Payoff Matrices: A Comprehensive Guide

Payoff matrices are powerful tools in game theory, visualizing the outcomes of strategic interactions between players. Introduced by John von Neumann and Oskar Morgenstern in 1944, they represent payoffs for each combination of strategies, enabling analysis of competitive and cooperative scenarios. This MathMultiverse guide explores their structure, construction, examples, and analytical techniques, including Nash equilibria, with equations and visualizations to enhance understanding.

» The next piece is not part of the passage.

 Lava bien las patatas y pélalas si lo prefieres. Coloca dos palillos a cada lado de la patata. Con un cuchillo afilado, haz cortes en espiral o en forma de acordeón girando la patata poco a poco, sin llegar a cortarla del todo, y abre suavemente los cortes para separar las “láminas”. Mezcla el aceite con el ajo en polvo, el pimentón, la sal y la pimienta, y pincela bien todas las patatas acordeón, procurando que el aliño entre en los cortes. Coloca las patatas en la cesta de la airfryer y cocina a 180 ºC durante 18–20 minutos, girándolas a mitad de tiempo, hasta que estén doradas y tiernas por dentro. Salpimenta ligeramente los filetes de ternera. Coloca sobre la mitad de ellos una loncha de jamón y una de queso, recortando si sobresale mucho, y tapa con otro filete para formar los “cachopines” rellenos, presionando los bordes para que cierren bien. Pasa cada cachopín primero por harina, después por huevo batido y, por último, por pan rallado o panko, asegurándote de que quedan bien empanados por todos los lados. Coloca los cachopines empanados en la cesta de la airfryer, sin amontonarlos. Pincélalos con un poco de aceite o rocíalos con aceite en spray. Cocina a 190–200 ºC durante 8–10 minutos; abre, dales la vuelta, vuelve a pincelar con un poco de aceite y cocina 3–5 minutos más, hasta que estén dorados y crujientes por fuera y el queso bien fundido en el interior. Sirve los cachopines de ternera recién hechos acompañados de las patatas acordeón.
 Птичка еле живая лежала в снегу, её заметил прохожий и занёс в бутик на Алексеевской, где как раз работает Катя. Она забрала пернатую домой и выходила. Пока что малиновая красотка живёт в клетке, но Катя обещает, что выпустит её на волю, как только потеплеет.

From economics to biology, payoff matrices model decision-making in diverse fields, revealing optimal strategies and potential conflicts.

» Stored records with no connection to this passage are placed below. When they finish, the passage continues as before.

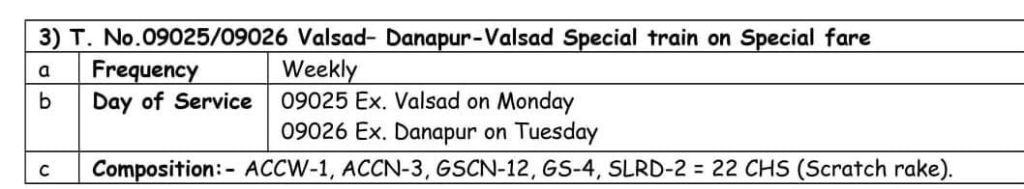 3: 09025/26 वलसाड दानापुर वलसाड साप्ताहिक विशेष वाया भुसावल, प्रयागराज छिंवकी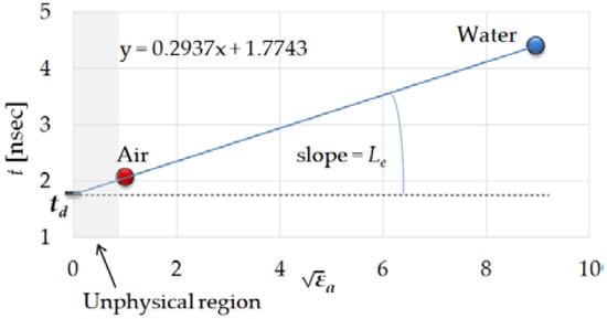 The delay time (td) and electrical length (Le) of the internal signal rod at the probe must be calculated, according to reference [34]. The solution of the appropriate system of equations can be graphically illustrated as shown in Figure 9.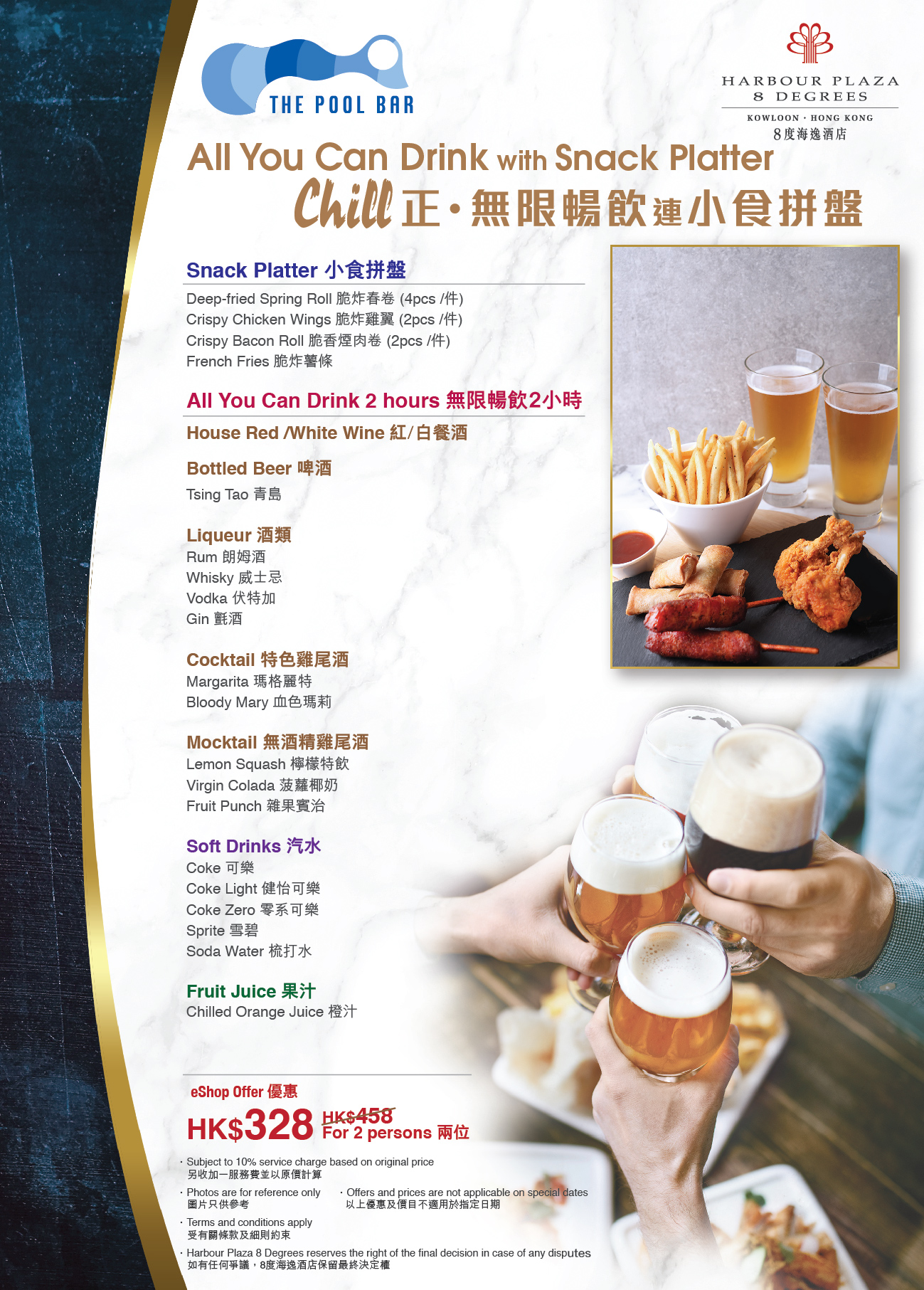 池畔廊推出「Chill正‧无限畅饮连小食拼盘」优惠,於舒适环境下享用无限畅饮指定餐酒、啤酒及特色鸡尾酒等连小食拼盘,尽情投入美好的微醺时光!

Structure of Payoff Matrices

Payoff matrices organize strategic outcomes in a tabular format.

Two-Player Game

For players with strategies \( S_1 = \{s_{11}, \ldots, s_{1m}\} \), \( S_2 = \{s_{21}, \ldots, s_{2n}\} \), the matrix is:

\[ M = \begin{bmatrix} (u_1(s_{11}, s_{21}), u_2(s_{11}, s_{21})) & \cdots & (u_1(s_{11}, s_{2n}), u_2(s_{11}, s_{2n})) \\ \vdots & \ddots & \vdots \\ (u_1(s_{1m}, s_{21}), u_2(s_{1m}, s_{21})) & \cdots & (u_1(s_{1m}, s_{2n}), u_2(s_{1m}, s_{2n})) \end{bmatrix} \]

Zero-Sum Games

Where \( u_1 + u_2 = 0 \):

\[ M = \begin{bmatrix} a_{11} & a_{12} \\ a_{21} & a_{22} \end{bmatrix}, \quad u_2 = -u_1 \]

Expected Payoff

For mixed strategies with probabilities \( p_1, p_2 \):

\[ E[u_1] = \sum_{i=1}^m \sum_{j=1}^n p_{1i} p_{2j} u_1(s_{1i}, s_{2j}) \]

Examples

Prisoner’s Dilemma

Strategies: Confess (C), Silent (S):

\[ M = \begin{array}{c|cc} & C & S \\ \hline C & (-5, -5) & (0, -10) \\ S & (-10, 0) & (-1, -1) \end{array} \]

Nash equilibrium: (C, C).

Pricing Game

Strategies: High (H), Low (L):

\[ M = \begin{array}{c|cc} & H & L \\ \hline H & (5, 5) & (1, 6) \\ L & (6, 1) & (2, 2) \end{array} \]

Rock-Paper-Scissors

Zero-sum:

\[ M = \begin{array}{c|ccc} & R & P & S \\ \hline R & (0, 0) & (-1, 1) & (1, -1) \\ P & (1, -1) & (0, 0) & (-1, 1) \\ S & (-1, 1) & (1, -1) & (0, 0) \end{array} \]

Prisoner’s Dilemma Payoffs

Payoffs for Player 1 in Prisoner’s Dilemma.

Analysis

Nash Equilibria

No player benefits from unilateral deviation:

\[ u_1(s_{1i}^*, s_{2j}^*) \geq u_1(s_{1k}, s_{2j}^*) \] \[ u_2(s_{1i}^*, s_{2j}^*) \geq u_2(s_{1i}^*, s_{2l}) \]

Dominant Strategies

Strategy \( s_{1i} \) dominates if:

\[ u_1(s_{1i}, s_{2j}) \geq u_1(s_{1k}, s_{2j}) \ \forall j \]

Minimax

For zero-sum games:

\[ v_1 = \max_i \min_j u_1(s_{1i}, s_{2j}) \]

Mixed Strategy

For Matching Pennies, equalize payoffs:

\[ p \cdot 1 + (1-p) \cdot (-1) = p \cdot (-1) + (1-p) \cdot 1 \] \[ p = 0.5 \]

Applications

Used in economics, biology, and negotiations.